**YOUR TASK**
Would you reproduce the data below exactly, please, leaving out its images?

**INFORMATION SHOWN**
-.-.-

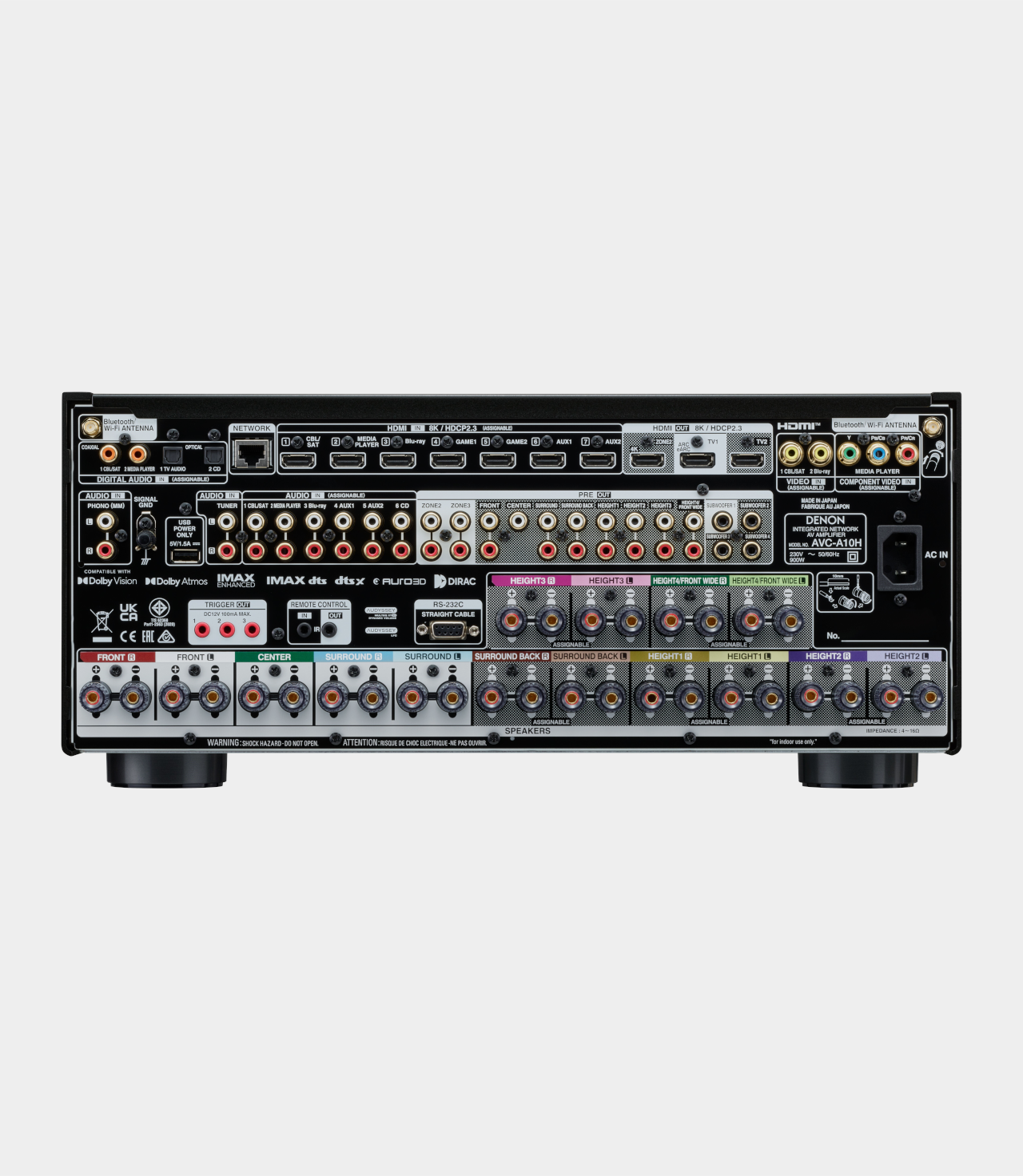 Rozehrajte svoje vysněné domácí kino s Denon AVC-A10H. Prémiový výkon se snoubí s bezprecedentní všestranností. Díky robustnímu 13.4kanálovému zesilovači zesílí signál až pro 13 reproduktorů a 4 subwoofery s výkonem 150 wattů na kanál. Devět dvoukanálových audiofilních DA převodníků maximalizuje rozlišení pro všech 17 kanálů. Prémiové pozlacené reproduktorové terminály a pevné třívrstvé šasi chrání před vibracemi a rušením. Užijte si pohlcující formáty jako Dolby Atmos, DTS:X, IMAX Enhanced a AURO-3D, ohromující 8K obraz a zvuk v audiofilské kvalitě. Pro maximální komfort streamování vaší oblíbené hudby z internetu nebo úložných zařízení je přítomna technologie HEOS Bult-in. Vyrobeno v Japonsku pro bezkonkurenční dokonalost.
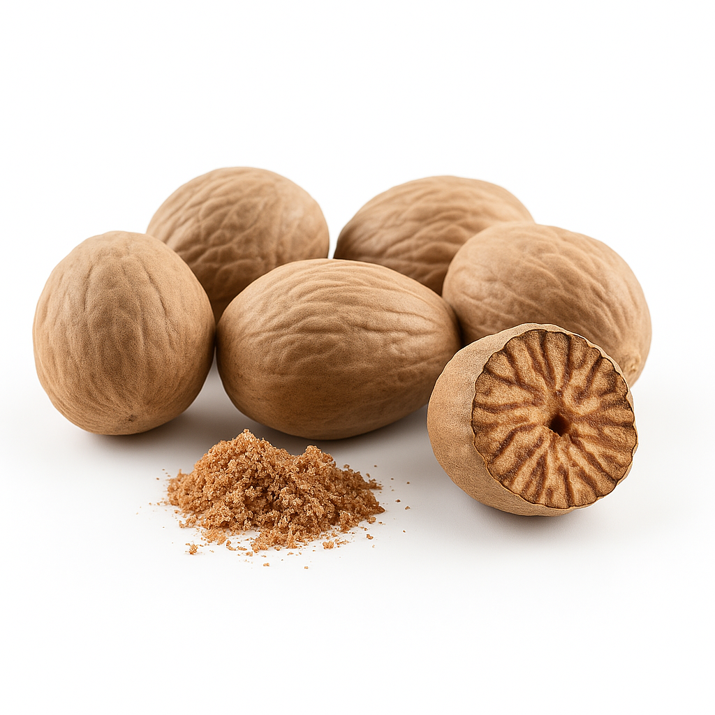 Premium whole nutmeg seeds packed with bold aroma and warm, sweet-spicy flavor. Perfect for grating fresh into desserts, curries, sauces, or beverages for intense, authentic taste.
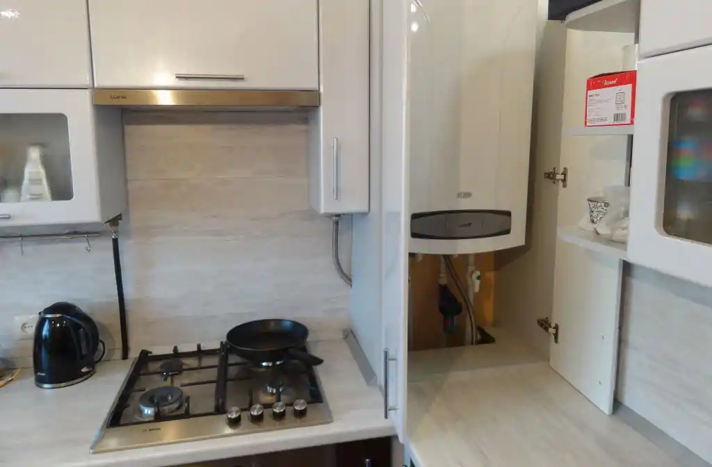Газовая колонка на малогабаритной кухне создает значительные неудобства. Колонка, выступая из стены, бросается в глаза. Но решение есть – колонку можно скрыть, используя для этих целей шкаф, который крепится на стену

-.-.-

**ANSWER TO THIS PROBLEM**
 Rozehrajte svoje vysněné domácí kino s Denon AVC-A10H. Prémiový výkon se snoubí s bezprecedentní všestranností. Díky robustnímu 13.4kanálovému zesilovači zesílí signál až pro 13 reproduktorů a 4 subwoofery s výkonem 150 wattů na kanál. Devět dvoukanálových audiofilních DA převodníků maximalizuje rozlišení pro všech 17 kanálů. Prémiové pozlacené reproduktorové terminály a pevné třívrstvé šasi chrání před vibracemi a rušením. Užijte si pohlcující formáty jako Dolby Atmos, DTS:X, IMAX Enhanced a AURO-3D, ohromující 8K obraz a zvuk v audiofilské kvalitě. Pro maximální komfort streamování vaší oblíbené hudby z internetu nebo úložných zařízení je přítomna technologie HEOS Bult-in. Vyrobeno v Japonsku pro bezkonkurenční dokonalost.
 Premium whole nutmeg seeds packed with bold aroma and warm, sweet-spicy flavor. Perfect for grating fresh into desserts, curries, sauces, or beverages for intense, authentic taste.
Газовая колонка на малогабаритной кухне создает значительные неудобства. Колонка, выступая из стены, бросается в глаза. Но решение есть – колонку можно скрыть, используя для этих целей шкаф, который крепится на стену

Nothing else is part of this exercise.